Unlike human communication, which involves a variety of nuances and subtleties, today’s robots understand only the literal. While they can learn by repetition, for machines, language is about direct commands, and they are pretty inept when it comes to complex requests. Even the seemingly minor differences between “pick up the red apple” and “pick it up” can be too much for a robot to decipher.
However, researchers from MIT’s Computer Science and Artificial Intelligence Laboratory (CSAIL) want to change that. They think they can help robots process these complex requests by teaching machine systems to understand context.
In a paper they presented at the International Joint Conference on Artificial Intelligence (IJCAI) in Australia last week, the MIT team showcased ComText — short for “commands in context” — an Alexa-like system that helps a robot understand commands that involve contextual knowledge about objects in its environment.
Essentially, ComText allows a robot to visualize and understand its immediate environment and infer meaning from that environment by developing what’s called an “episodic memory.” These memories are more “personal” than semantic memories, which are generally just facts, and they could include information about an encountered object’s size, shape, position, and even if it belongs to someone.
When they tested ComText on a two-armed humanoid robot called Baxter, the researchers observed that the bot was able to perform 90 percent of the complex commands correctly.
“The main contribution is this idea that robots should have different kinds of memory, just like people,” explained lead researcher Andrei Barbu in a press release. “We have the first mathematical formulation to address this issue, and we’re exploring how these two types of memory play and work off of each other.”
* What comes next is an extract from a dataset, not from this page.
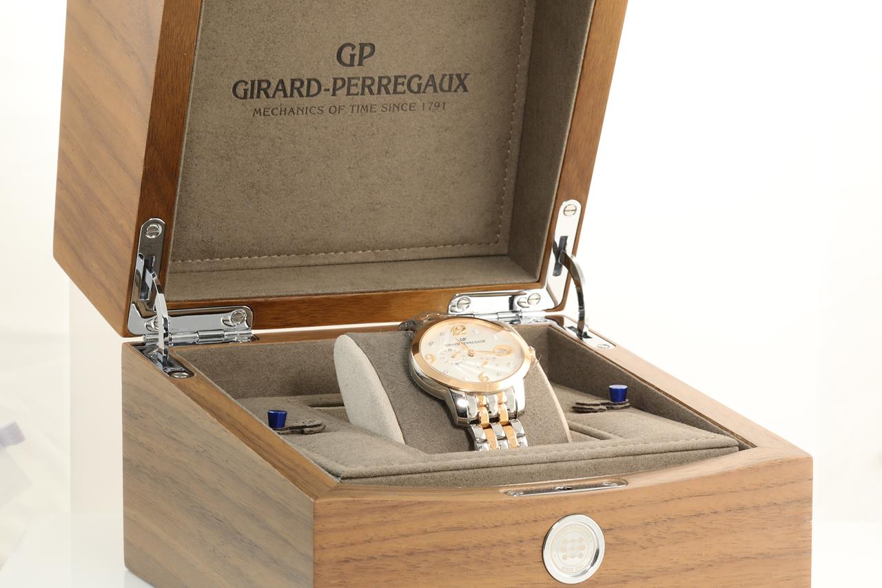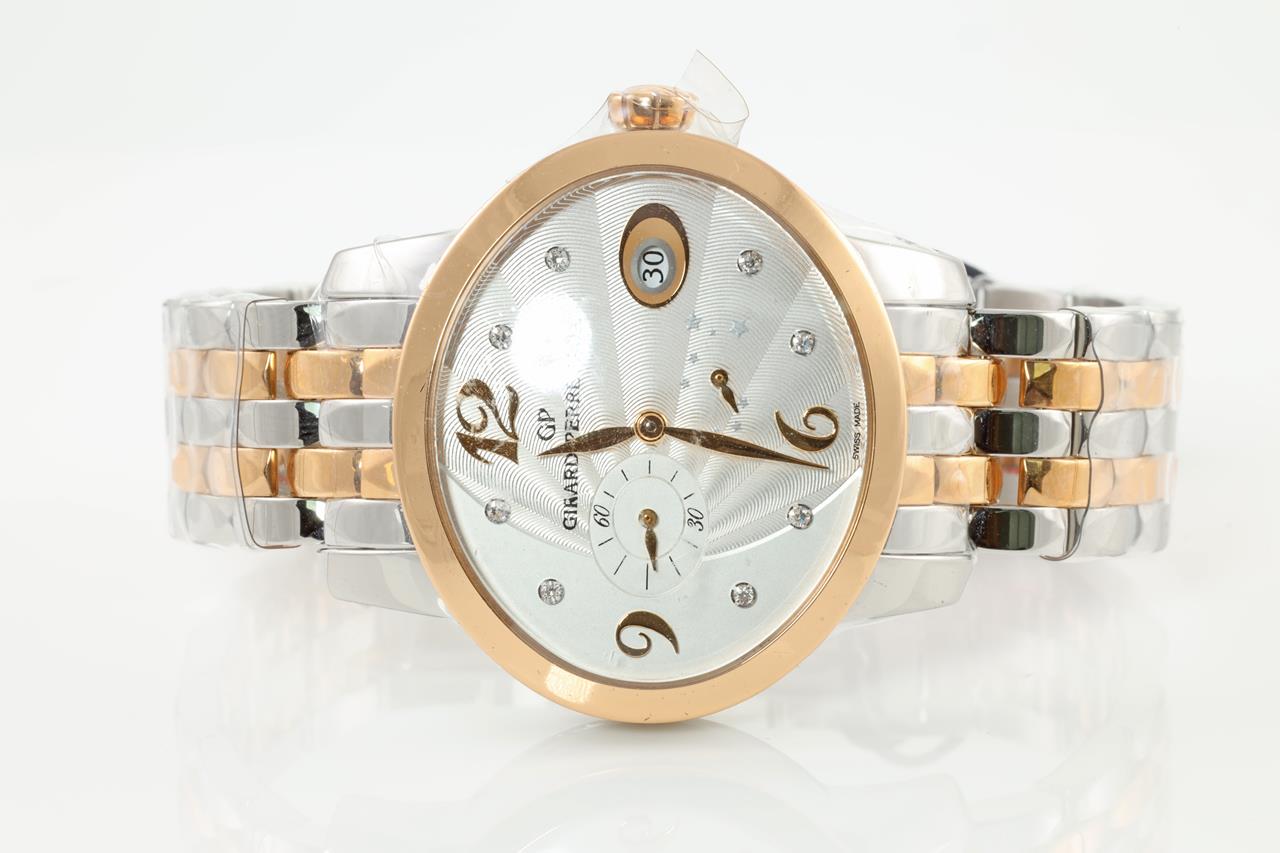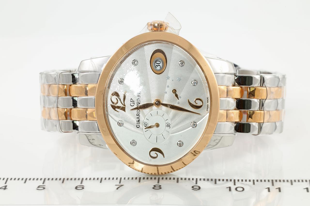 Girard Perragaux Cat's Eye 18ct rose gold & stainless steel automatic ladies watch. Cream dial, Diamond indicators, small seconds, date, case diameter: 37.9 x 32.9mm Swiss made. Ref#80486-56-162-56A. With Girard Perragaux two-tone bracelet & clasp. With Girard Perragaux international warranty card, Jewellery certificate and instruction manual inside box. 2 year manufacturer warranty from 24/11/20 (New, in original wrapping)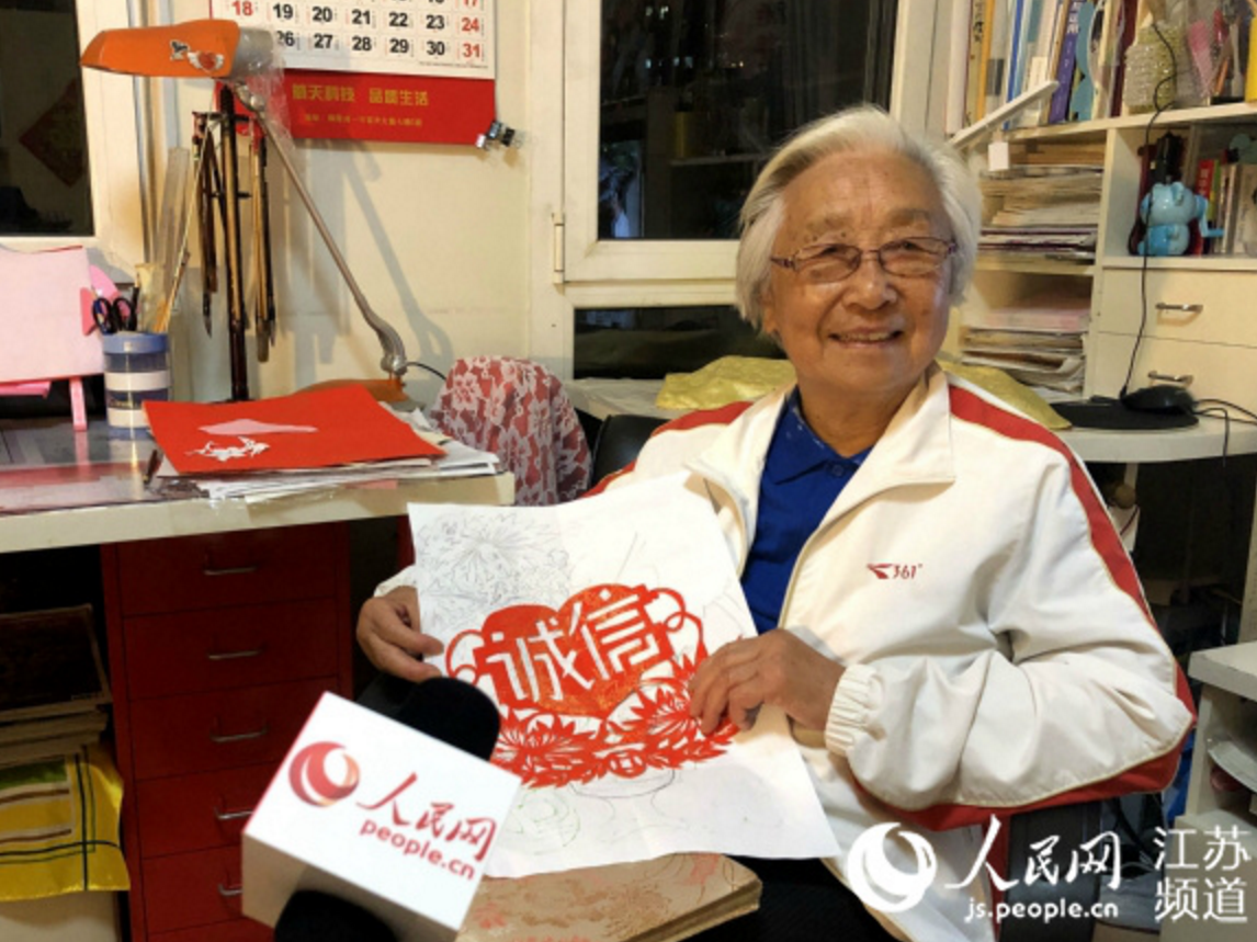 吴融芳老人创作的剪纸作品《诚信》 记者王新年摄 南京市建邺区中胜社区的吴融芳老人今年88岁,29日晚上早早便守在了电视机前。“五中全会公报中多次提到脱贫工作,我非常感动。”吴融芳告诉记者,从前年开始,她连续三年前往云南、贵州等地,为的就是实地看看我国的脱贫成果,“小时候都说那里‘天无三日晴,地无三尺平,人无三分银’,发展落后。现在再去看,我非常激动,公路修到了家门口,高铁在大山里穿行……”除了脱贫成绩单,“十三五”期间,国民素质和社会文明程度达到新高度,吴融芳为此专门创作了剪纸作品,“大家诚信度越来越高,我们的社会才会发展得越来越好!” 展望“十四五” 撸起袖子加油干

BETTER COMMUNICATION, BETTER BOTS
Of course, ComText still has a great deal of room for improvement, but eventually, it could be used to narrow the communication gap between humans and machines.
“Where humans understand the world as a collection of objects and people and abstract concepts, machines view it as pixels, point-clouds, and 3-D maps generated from sensors,” noted Rohan Paul, one of the study’s lead authors. “This semantic gap means that, for robots to understand what we want them to do, they need a much richer representation of what we do and say.”
Ultimately, a system like ComText could allow us to teach robots to quickly infer an action’s intent or to follow multi-step directions.